I've been doing tests with another type of documents, and in this case PCL-XL spool files (produced by printer drivers).

This format is interesting because it combines multiple types of data in the same file:

  • a PJL prolog wich is textual data with a ceremony of settings that are usually the same (page size, format, dpi, paper type, and so on). This can take a few KB of ceremonial text that is unique per file, but almost the same across files and I guess could greatly benefit of having a dictionary.
  • the PCL-XL format itself is a compact binary representation of the content of the pages. Think DrawLine, DrawText, SetColor(R,G,B), DrawBezierCurve, which will not compress very well: the bytes are unique to the "shape" of the printed page.
  • Images and raster are usually encoded with a very poor RLE or DeltaRow encoding, which are usually only efficient with very simple line arts
  • TrueType soft-font uploads, where the individual glyphs for each letter or symbol of each font used in the document gets uploaded as-is. These are tightly packed sequences of (x,y) coordinates. If a company is for example using Verdana 9pt in all its documents, then the same glyphs (for 'A', 'B', '1', '2', '!', '?' etc..) will probably be present in all the spool files.

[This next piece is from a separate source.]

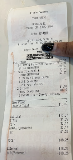 Read moreThis particular Little Caesars restaurant has basically change my mind about ordering from any other Little Caesars restaurant at all (;meaning that I won't choose that place to spend my money or suggest Little Caesars.) Yesterday evening, I showed up to the restaurant (@ 5700 W Little York Rd, Houston, Tx) and ordered a pepperoni pizza (which would be already made) and a pepperoni and sausage pizza which would take eight minutes to be ready). [I told them I would be back 'cause I wanted to go over to the 99 Only Store-to get a drink.] I went over to the store near by and bought a drink and made it back to the establishment in-time... and I still had to wait like five minutes for my order. After I received my order, I realized that they got my pepperoni and sausage order wrong (;which was a order I ordered for my parents, although I traded two of my pepperoni pizza slices for my parents'.) My parents began to eat their pizza and not realize that they were missing the pepperonis from their pizza. But as soon as I examined and bite into one of the traded slices of pizza, I knew they the order was wrong. So, later that night I went back over to that same restaurant and requested them to give my parents and I a fresh set of pizzas. The manager agreed to give me two fresh whole pizzas (and said that he could only do this request only once) but change his mind afterward without informing me and gave me only the pepperoni and sausage pizza after it was supposedly (completely) finished. The manager and two of his employees (being in their twenties) was arguing with me and intended to make me feel bad (with their sni' comments). They gave me the mess up ordered corrected... but now I will choose more sophisticated restaurant for pizza (like, Pizza Hut,...

I grabed a set of various spool documents, of various sizes (spool files typically vary a lot in sizes from a few KB to few hundreds of MB), all produced by the same printer driver. Overall, I'm getting a compression ratio around 1:2 (+/- 0.5).

When using the full data set (1.4GB in 276 files), I'm not getting much gains from building a dictionary, probably because the 110KB dict has little impact when compressing files of a few MB or more. Typically, I would get a gain of 500 KB difference with or without dictionary from 1.4 GB of spools compressed down to 750-800 MB (so about 0.034% gain)

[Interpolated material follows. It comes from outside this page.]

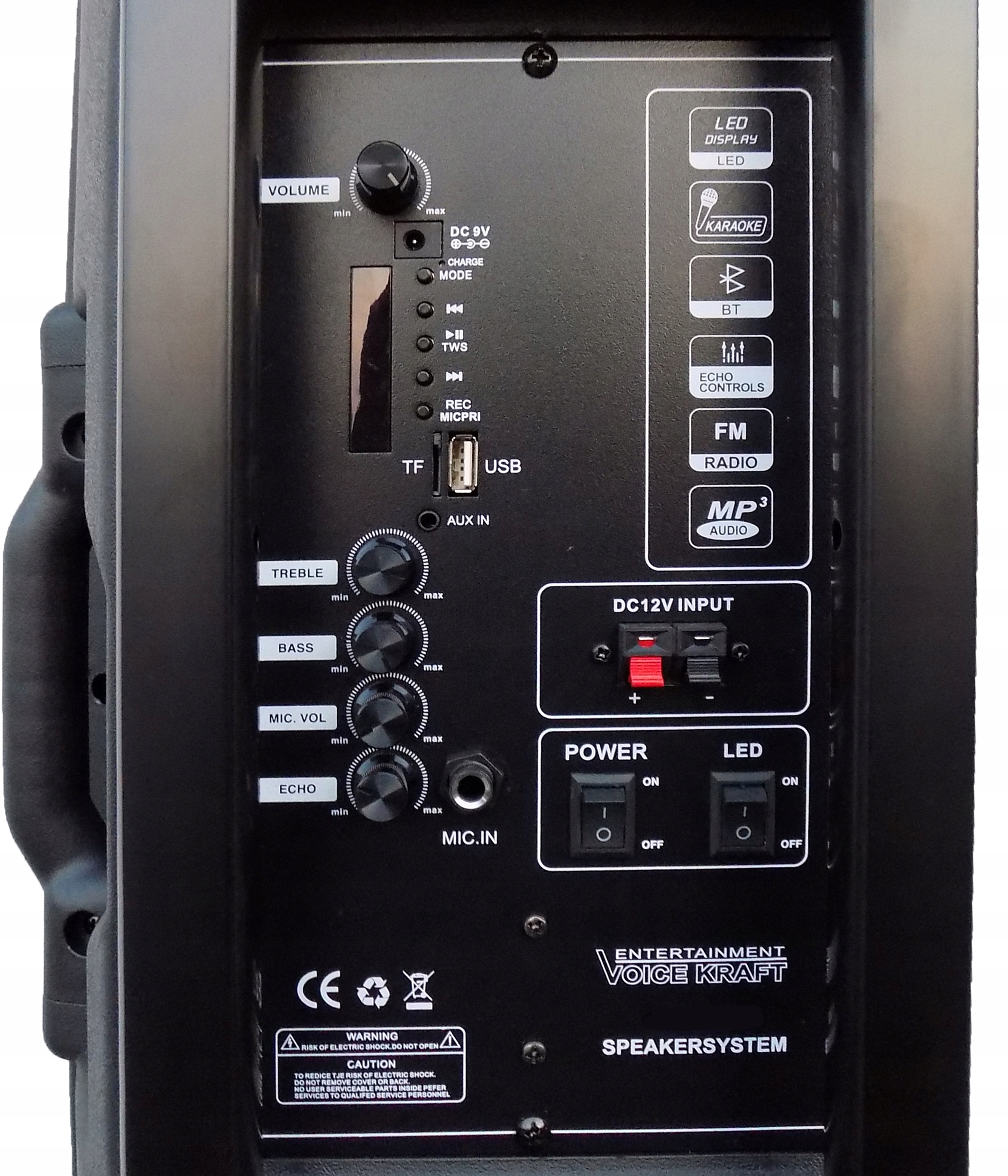 Активна колонка ВК з пультом ідеально підходить для шкільних свят, конференцій, публічних виступів і там, де звук повинен досягати великої групи людей. Колонка має функцію підключення Bluetooth і SD і USB вхід, завдяки чому може відтворювати записи з найпопулярніших носіїв. Додатковий гітарний вхід покращить звук під час живого концерту. Колона виготовлена з високоякісних матеріалів, а завдяки колесам її можна легко транспортувати в будь-яке місце.

I did a second test keeping only the spools less than 2MB in size (200 files), and again, the gain from having a dictionary was not very significant (about 0.05%)

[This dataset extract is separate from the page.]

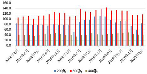 3月份,國內(nèi)不銹鋼產(chǎn)量243.54萬噸,環(huán)比增長12.99%。其中,200系產(chǎn)量84.25萬噸,環(huán)比增長39.53%;300系產(chǎn)量232.94萬噸,同比增長5.84%;400系產(chǎn)量87.30萬噸,同比增長16.65%。

For the last test, I only kept spool files of 256 KB or less (100 files, these would be simple documents of 1 or 2 pages, without much graphics), and only then did I see some gains: With a 110 KB dict, I get about 8-10% more compression ratio.

image
legend: '-D' means with a dictionary produced for the same compression level

In this scenario, I'm not sure if getting to the trouble of maintaining a dictionary would be worth it. The only gain I see, is that zstd -1 with a dictionary, is faster and compress a bit more than gzip -5. Using anything above zstd -9 is way too slow for not much gain with this type of files.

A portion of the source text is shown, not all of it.